On Wed, 27 Nov 2024, Jan Kara wrote:
> On Tue 26-11-24 11:37:19, Jan Kara wrote:
> > On Tue 26-11-24 09:01:35, Anders Blomdell wrote:
> > > On 2024-11-26 02:48, Philippe Troin wrote:
> > > > On Sat, 2024-11-23 at 23:32 +0100, Anders Blomdell wrote:
> > > > > When we (re)started one of our servers with 6.11.3-200.fc40.x86_64,
> > > > > we got terrible performance (lots of nfs: server x.x.x.x not
> > > > > responding).
> > > > > What triggered this problem was virtual machines with NFS-mounted
> > > > > qcow2 disks
> > > > > that often triggered large readaheads that generates long streaks of
> > > > > disk I/O
> > > > > of 150-600 MB/s (4 ordinary HDD's) that filled up the buffer/cache
> > > > > area of the
> > > > > machine.
> > > > > 
> > > > > A git bisect gave the following suspect:
> > > > > 
> > > > > git bisect start
> > > > 
> > > > 8< snip >8
> > > > 
> > > > > # first bad commit: [7c877586da3178974a8a94577b6045a48377ff25]
> > > > > readahead: properly shorten readahead when falling back to
> > > > > do_page_cache_ra()
> > > > 
> > > > Thank you for taking the time to bisect, this issue has been bugging
> > > > me, but it's been non-deterministic, and hence hard to bisect.
> > > > 
> > > > I'm seeing the same problem on 6.11.10 (and earlier 6.11.x kernels) in
> > > > slightly different setups:
> > > > 
> > > > (1) On machines mounting NFSv3 shared drives.
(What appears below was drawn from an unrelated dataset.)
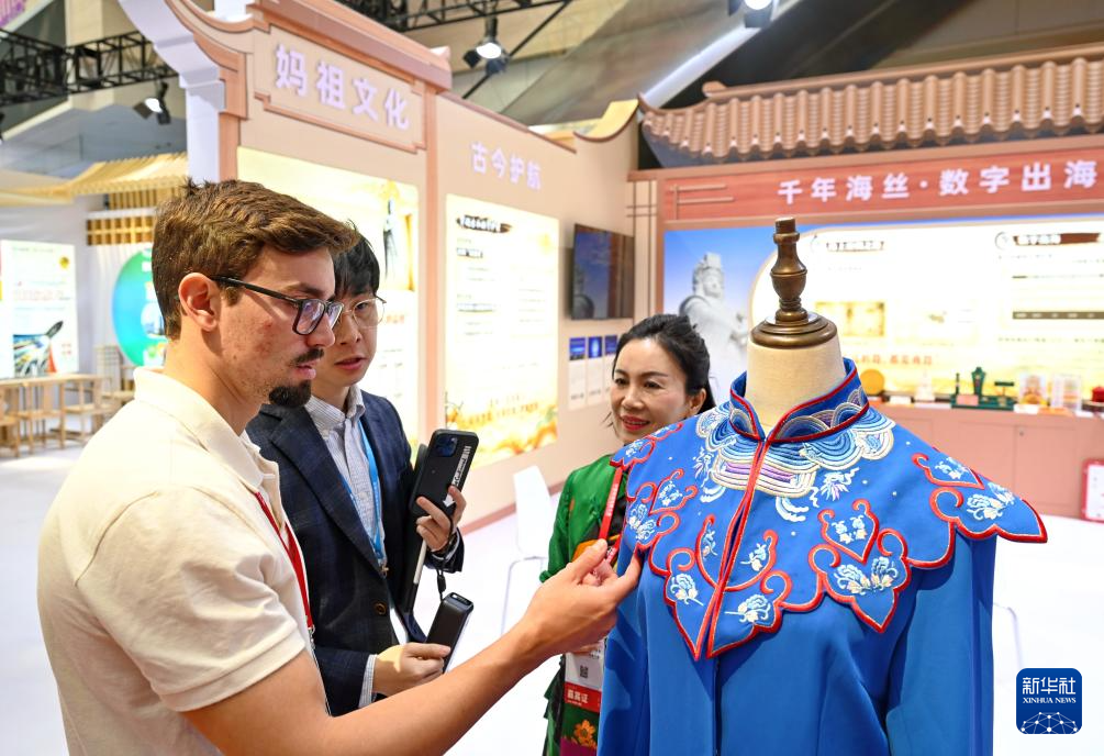 3月18日,开云·体育巴西来宾(左一)在妈祖文化主题专区了解性格衣饰。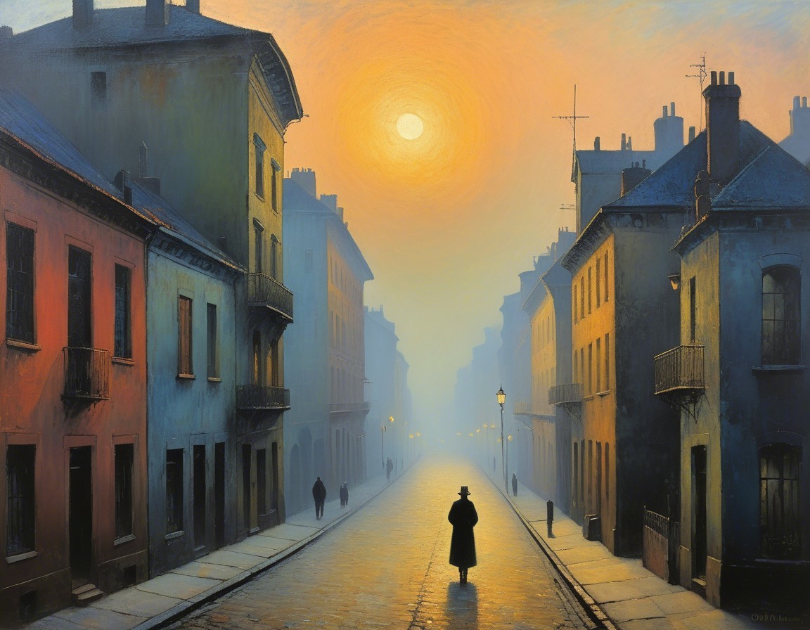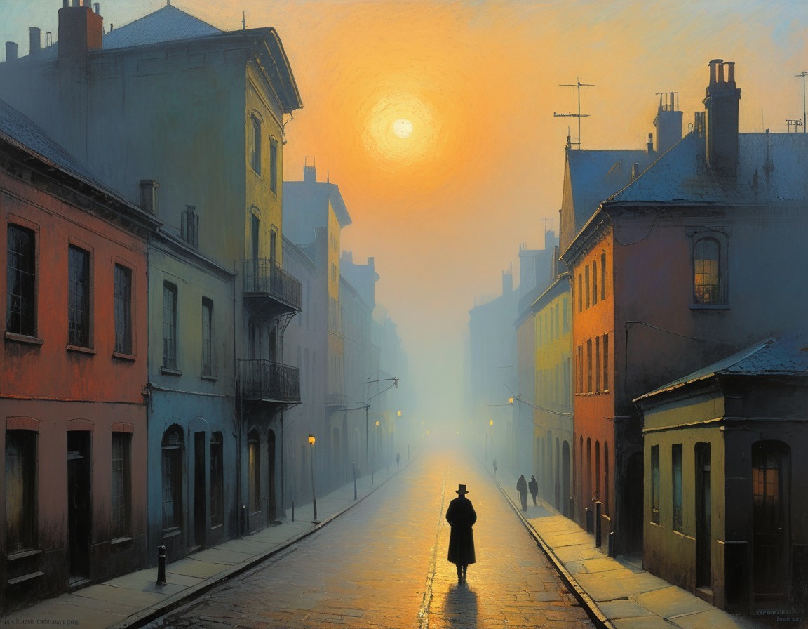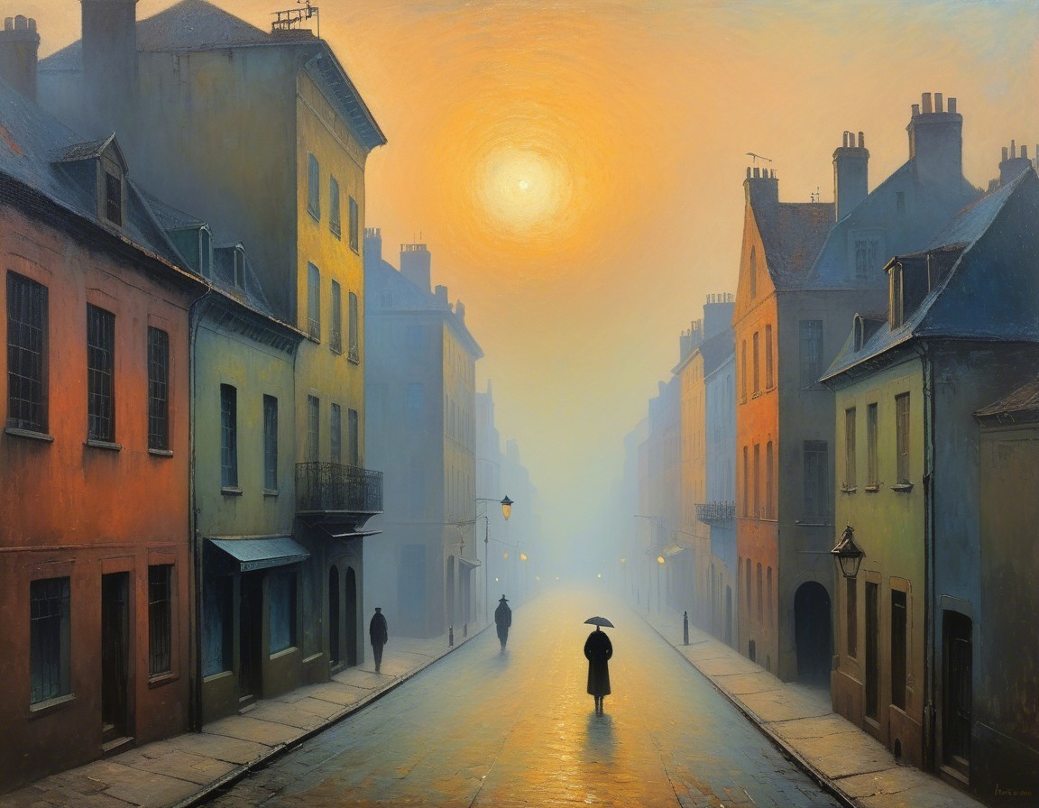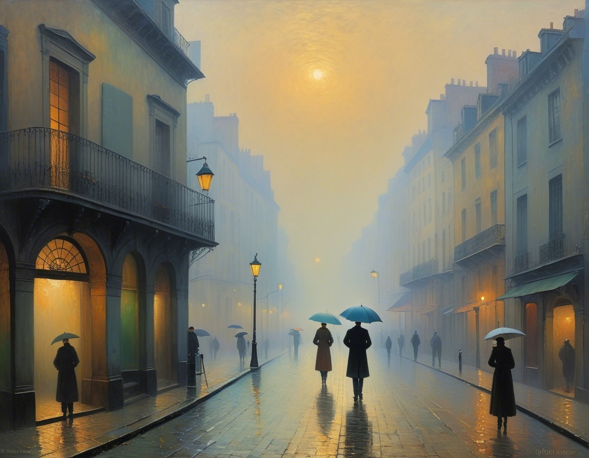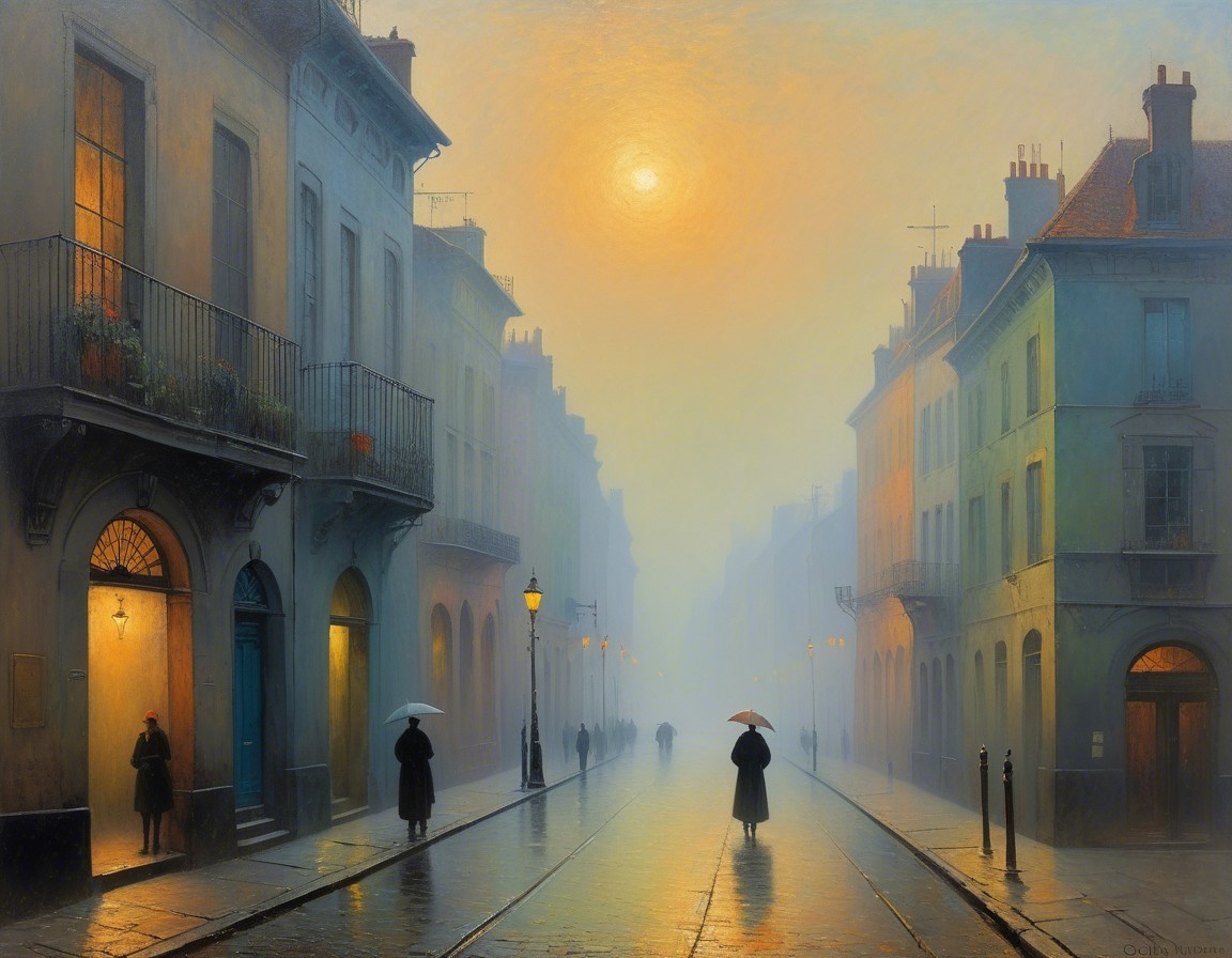 A misty street scene, with silhouettes of people walking under umbrellas. Warm lights glow softly from storefronts, while the sun sets hazily in the background, creating an atmospheric mood.

The symptom here is a
> > > > "nfs server XXX not responding, still trying" that never recovers
> > > > (while the server remains pingable and other NFSv3 volumes from the
> > > > hanging server can be mounted).
> > > > 
> > > > (2) On VMs running over qemu-kvm, I see very long stalls (can be up to
> > > > several minutes) on random I/O. These stalls eventually recover.
> > > > 
> > > > I've built a 6.11.10 kernel with
> > > > 7c877586da3178974a8a94577b6045a48377ff25 reverted and I'm back to
> > > > normal (no more NFS hangs, no more VM stalls).
> > > > 
> > > Some printk debugging, seems to indicate that the problem
> > > is that the entity 'ra->size - (index - start)' goes
> > > negative, which then gets cast to a very large unsigned
> > > 'nr_to_read' when calling 'do_page_cache_ra'. Where the true
> > > bug is still eludes me, though.
> > 
> > Thanks for the report, bisection and debugging! I think I see what's going
> > on. read_pages() can go and reduce ra->size when ->readahead() callback
> > failed to read all folios prepared for reading and apparently that's what
> > happens with NFS and what can lead to negative argument to
> > do_page_cache_ra(). Now at this point I'm of the opinion that updating
> > ra->size / ra->async_size does more harm than good (because those values
> > show *desired* readahead to happen, not exact number of pages read),
> > furthermore it is problematic because ra can be shared by multiple
> > processes and so updates are inherently racy. If we indeed need to store
> > number of read pages, we could do it through ractl which is call-site local
> > and used for communication between readahead generic functions and callers.
> > But I have to do some more history digging and code reading to understand
> > what is using this logic in read_pages().
> 
> Hum, checking the history the update of ra->size has been added by Neil two
> years ago in 9fd472af84ab ("mm: improve cleanup when ->readpages doesn't
> process all pages"). Neil, the changelog seems as there was some real
> motivation behind updating of ra->size in read_pages(). What was it? Now I
> somewhat disagree with reducing ra->size in read_pages() because it seems
> like a wrong place to do that and if we do need something like that,
> readahead window sizing logic should rather be changed to take that into
> account? But it all depends on what was the real rationale behind reducing
> ra->size in read_pages()...
> 

I cannot tell you much more than what the commit itself says.
If there are any pages still in the rac, then we didn't try read-ahead
and shouldn't pretend that we did. Else the numbers will be wrong.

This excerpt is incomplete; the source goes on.